**ASSIGNMENT:** Retype the lines below exactly, but only those from the line that has "ROXI Brand Fashion" through the line that has "Desde el exterior, la". Omit every picture.

**DATA FOR THIS TASK:**
────────

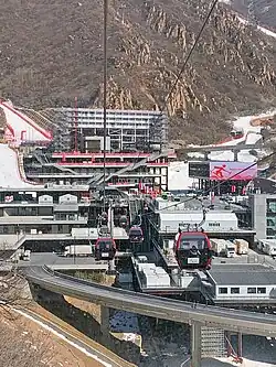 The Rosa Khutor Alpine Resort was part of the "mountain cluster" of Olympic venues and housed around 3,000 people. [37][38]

────────

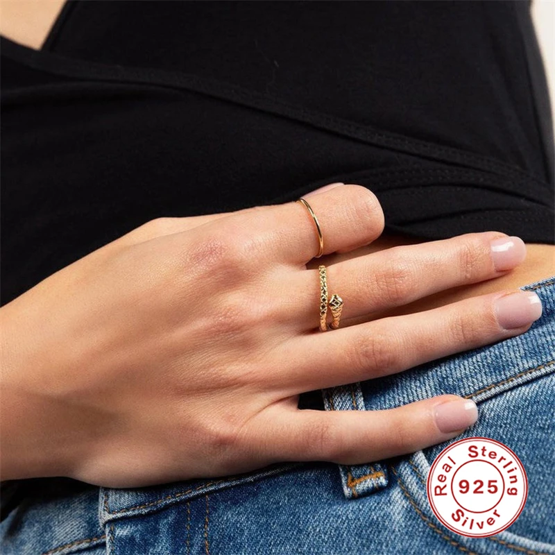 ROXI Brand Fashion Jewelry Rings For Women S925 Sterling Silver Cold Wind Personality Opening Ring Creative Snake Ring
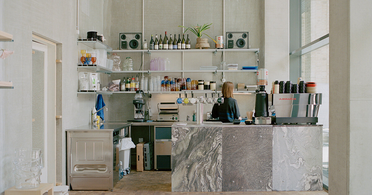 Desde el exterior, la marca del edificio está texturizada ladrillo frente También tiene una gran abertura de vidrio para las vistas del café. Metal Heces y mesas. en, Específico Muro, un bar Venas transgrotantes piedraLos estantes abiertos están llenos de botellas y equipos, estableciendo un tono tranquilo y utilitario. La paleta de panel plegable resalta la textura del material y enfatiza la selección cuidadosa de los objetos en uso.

────────

**RESPONSE AREA:**
 ROXI Brand Fashion Jewelry Rings For Women S925 Sterling Silver Cold Wind Personality Opening Ring Creative Snake Ring
 Desde el exterior, la marca del edificio está texturizada ladrillo frente También tiene una gran abertura de vidrio para las vistas del café. Metal Heces y mesas. en, Específico Muro, un bar Venas transgrotantes piedraLos estantes abiertos están llenos de botellas y equipos, estableciendo un tono tranquilo y utilitario. La paleta de panel plegable resalta la textura del material y enfatiza la selección cuidadosa de los objetos en uso.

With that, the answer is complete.